Love.
It can be the easiest thing we do on any given day. It can also bring us the most challenges.
One look at my granddaughters and you know, loving them comes easy to me. Sure there are challenging days when they drive me crazy but love them – never a question there.
And then there are the others ….
You know the ones. They not only present a challenge, they are the challenge.
I recently read a book which has been on my “to read” list for a long time. I am not exactly sure what took me so long to actually get the book off the shelf and begin reading it except to say, the time had come, the time was now, and the time was right. I actually think it was the fact that the book is small in size and would fit easily into my purse while traveling.
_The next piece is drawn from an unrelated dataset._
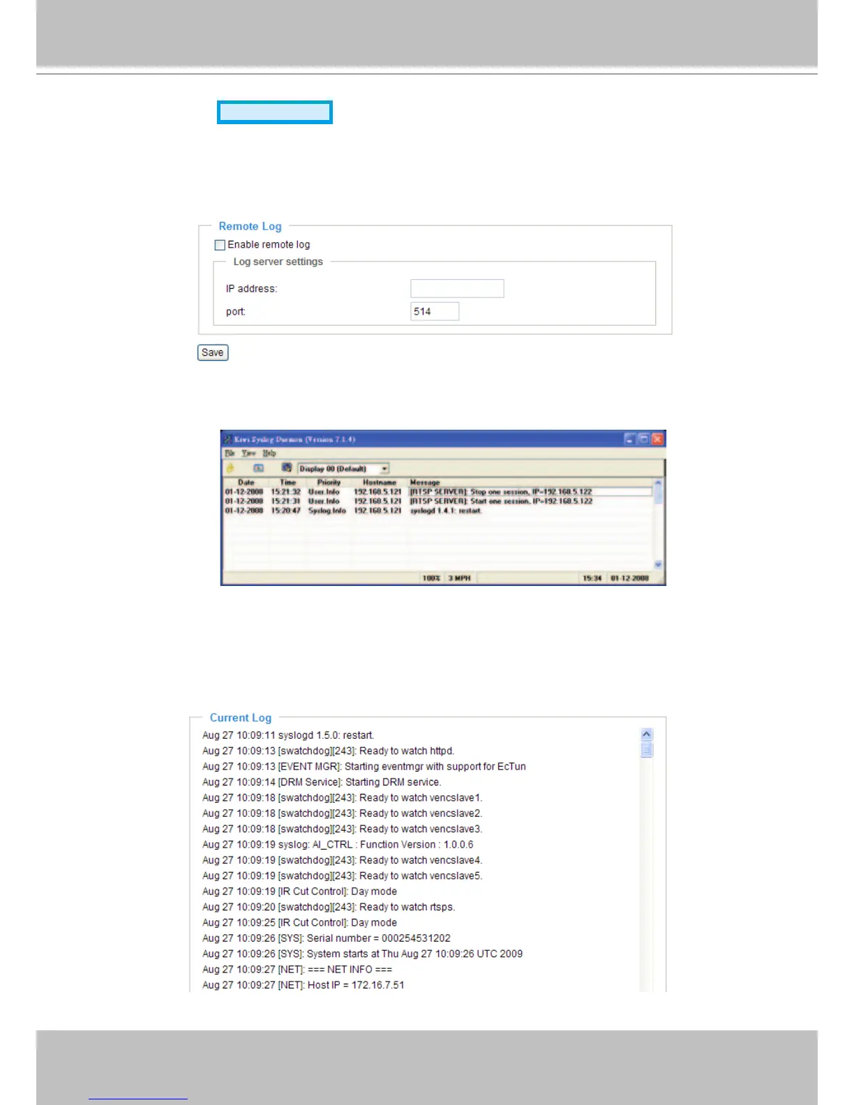 3� When completed, select Enable remote log and click Save to enable the setting�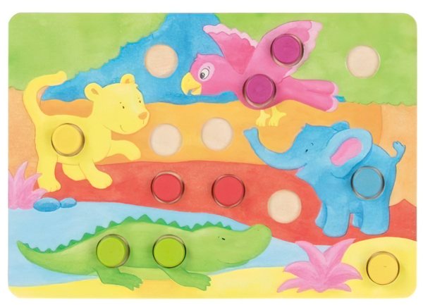 С уверенностью могу сказать, что с такой игрой, как разноцветное лото от гоки, очень просто научить ребенка различать цвета. В комплекте есть много частей разного цвета и пластина с рисунками, где пропущены те самые части. Малыш быстро соображает куда какой цвет нужно положить. Рисунки сделаны красивыми и привлекают внимание ребенка.

But the book is not small on its message. Not at all.
Even since being home, now almost three weeks, I have found myself going back to read my notes and underlinings. Its message still provoking and stirring my heart.
Of all the points and messages in this book, which I so loved, this is the one I have repeatedly returned to read. It is on this very subject of love and how Jesus teaches how to love …
We see Jesus who abhors passivity and violence, who carves out a third way (to love) that is neither submission not assault, neither fight nor flight. It is this third way. Wink writes, that teaches that “evil can be opposed without being mirrored … oppressors can be resisted without being emulated … enemies can be neutralized without being destroyed.” Then we can look into the eyes of a centurion and seen not a beast but a child, and then walk with that child a couple of miles. Look into the eyes of tax collectors as they sue you in court. See their poverty and give them your coat. Look into the eyes of the ones who are hardest for you to like, and see the One you love.
(Shane Claiborne, Irresistible Revolution, page 280)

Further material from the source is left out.